Believe it or not, you can learn a lot about self-belief in entrepreneurship from Vegas.
Early in my career when I was just getting started, people would occasionally ask how things were going and the answer was always the same; ‘I’m living the dream’. It was obvious to anyone looking that I wasn’t, and it was pure hyperbole for me to suggest otherwise. However, for budding entrepreneurs and even seasoned business people, the challenge remains to find a way to live our dreams while somehow making them pay. The real winners don’t do it for the money. They do it because of the idea.
I was reminded of this a few days ago as I was in Vegas, about to watch a show at Caesar’s Palace headlined by a fellow Brit, Mr. Matt Goss. For those of you that don’t know, Matt has a twin brother, Luke Goss (now a Hollywood actor, think ‘Interview with a Hitman’) and together, almost 30 years ago they formed a band by the name of ‘Bros’. It was 1987 and their first single (I Owe You Nothing) tanked, reaching only number 80 on the UK pop music charts. He was 19 years old at the time.
This is the point at which so many entrepreneurs experience the same question, the same whispering voice in the back of their mind… “Do I continue, or did I get it all wrong and go down a path that success doesn’t exist on?”
After all the hard work, all the planning, launching, advertising and money, it looks as though you may have just made the biggest mistake of your life.
Bros as it happens didn’t quit. They stuck with it and released their second single, a couple months later. It was a catchy, 80’s pop anthem called ‘When Will I Be Famous’. As it turns out, the answer to that question apparently, was pretty much instantly.
The song crushed it not only in the UK, but across Europe and beyond. They became a household name overnight (much harder to do without Facebook, Instagram or the Internet!), and when their album was finally released, it went Platinum multiple times over both at home and abroad.

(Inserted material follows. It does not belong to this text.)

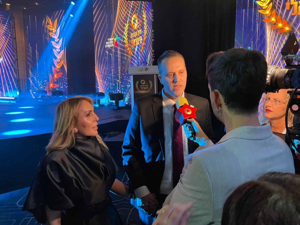 Accompanied by his wife, Israeli Minister of Culture and Sports Miki Zohar talks to the press at the Israeli Film Awards at the International Convention Center, Jerusalem, Dec. 30, 2025. (Courtesy via JNS)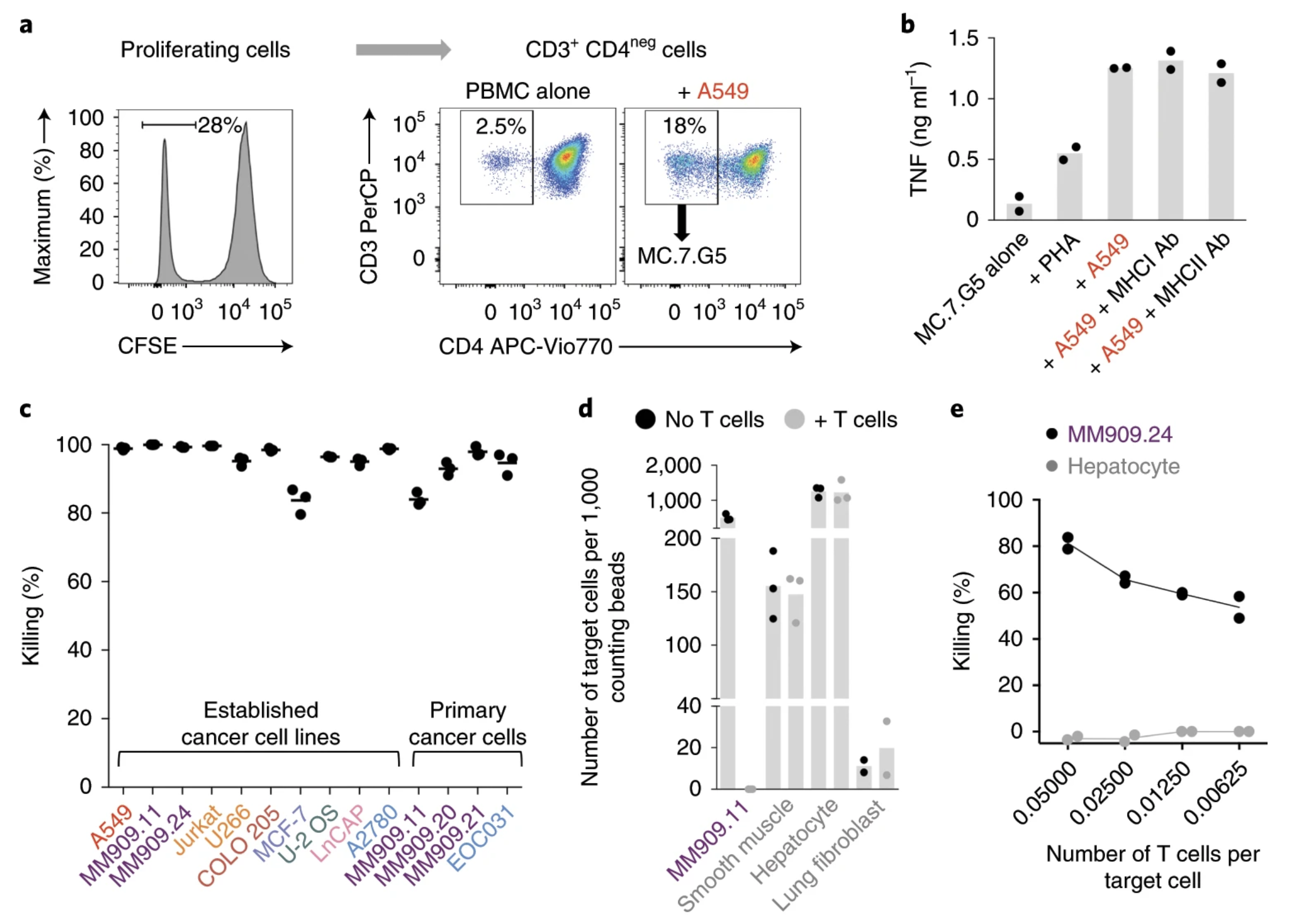 Fig. 1: MC.7.G5 recognizes multiple cancer types through an HLA-independent mechanism.

When they released tickets for their first tour, they sold out in minutes, and even today, Bros are still the youngest ever band to fill Wembley Stadium, the largest event stadium in the UK that seated around 70-something thousand at the time.
The point of this post however, isn’t to focus on that song but rather the first, remember, the one that tanked and was called ‘I Owe You Nothing’. Like Jobs with Apple, and so many other budding enterprises before, sometimes people just aren’t ready for something, especially when that something is blazing it’s own, unique trail. Eventually however, they realize they are.
Bros re-released the same song to the same audience a year or so later and you can probably guess what happened. Not only did it hit the number 1 spot in the UK, it went number 1 in countries all over the world and cemented their position as a credible act.
Just imagine if they’d quit the first time round. Imagine if Airbnb quit when they were struggling to make a couple hundred bucks a month. Commitment doesn’t mean sticking with something when the going is easy, but rather finding a way to make something work when the going gets tough. True entrepreneurs believe in their ideas so strongly they’d never contemplate quitting, because they’re convinced that what they’re doing is game changing. If you don’t believe that’s the case, then maybe you should quit. If you do believe, then stick with it, believe in your dream, surround yourself with people that will encourage you and help you get there and most importantly, find a way to make it happen.